■ **Extracted data entries**
'''

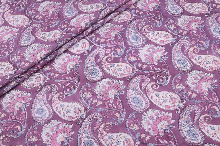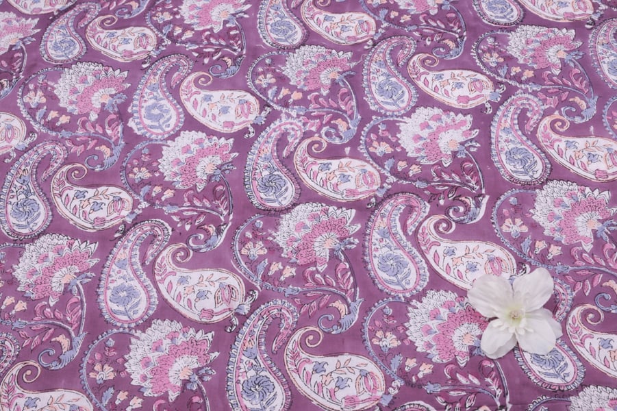 Mauve Purple Floral Handblock Printed 100% Pure Soft Cotton Fabric
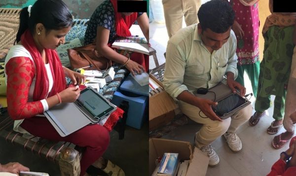 Image: Healthcare workers in Haryana, India using tablets to log and access. (Credit: Sanjay Jain and team)
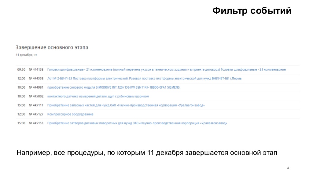 Приложение позволяет просматривать события на текущую дату, и также на любой другой день. При этом события одинакового типа (например, «Завершение основного этапа» или «Вскрытие предложений») объединяются в одну группу, чтобы более важные из них не потерялись в общей массе. Если пользователю неинтересны определенные этапы в ходе торгов, он может отключить их отображение.
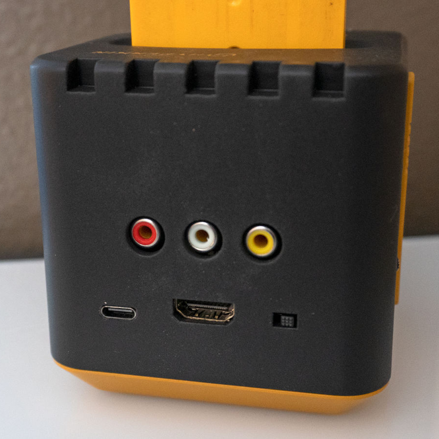 Retro N Jr. выглядит как симпатичный пластиковый кубик в чёрно-жёлтой раскраске со слотом для картриджей от вышеперечисленных консолей и двумя видеовыходами: HDMI (720p) и композитным. Также имеются: порт USB-C для зарядки, выход для наушников с регулятором громкости рядом и зачем-то ещё один USB-порт, но уже обычный. Возможно, тоже для зарядки, а может, для каких-то иных целей (в конце концов, в релизе его могут и убрать).
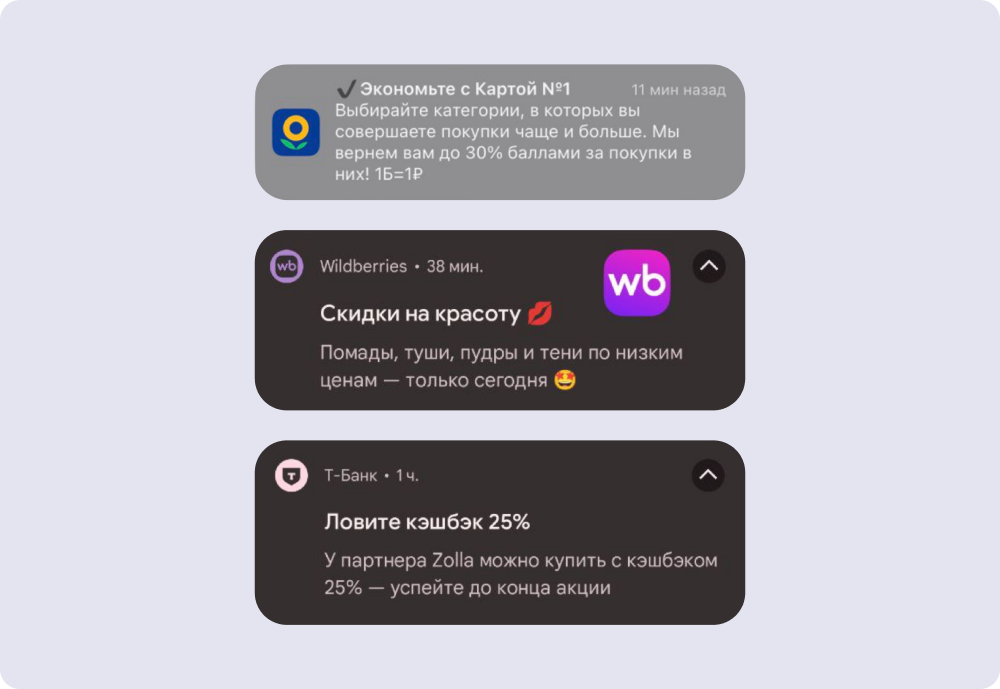 Короткий push с понятным предложением часто эффективнее длинных писем. Он приходит вовремя, сразу привлекает внимание и ведёт к действию в один клик — без лишних шагов и потери интереса.

'''

Omitting the images, transcribe every record exactly.

 Mauve Purple Floral Handblock Printed 100% Pure Soft Cotton Fabric
 Image: Healthcare workers in Haryana, India using tablets to log and access. (Credit: Sanjay Jain and team)
 Приложение позволяет просматривать события на текущую дату, и также на любой другой день. При этом события одинакового типа (например, «Завершение основного этапа» или «Вскрытие предложений») объединяются в одну группу, чтобы более важные из них не потерялись в общей массе. Если пользователю неинтересны определенные этапы в ходе торгов, он может отключить их отображение.
 Retro N Jr. выглядит как симпатичный пластиковый кубик в чёрно-жёлтой раскраске со слотом для картриджей от вышеперечисленных консолей и двумя видеовыходами: HDMI (720p) и композитным. Также имеются: порт USB-C для зарядки, выход для наушников с регулятором громкости рядом и зачем-то ещё один USB-порт, но уже обычный. Возможно, тоже для зарядки, а может, для каких-то иных целей (в конце концов, в релизе его могут и убрать).
 Короткий push с понятным предложением часто эффективнее длинных писем. Он приходит вовремя, сразу привлекает внимание и ведёт к действию в один клик — без лишних шагов и потери интереса.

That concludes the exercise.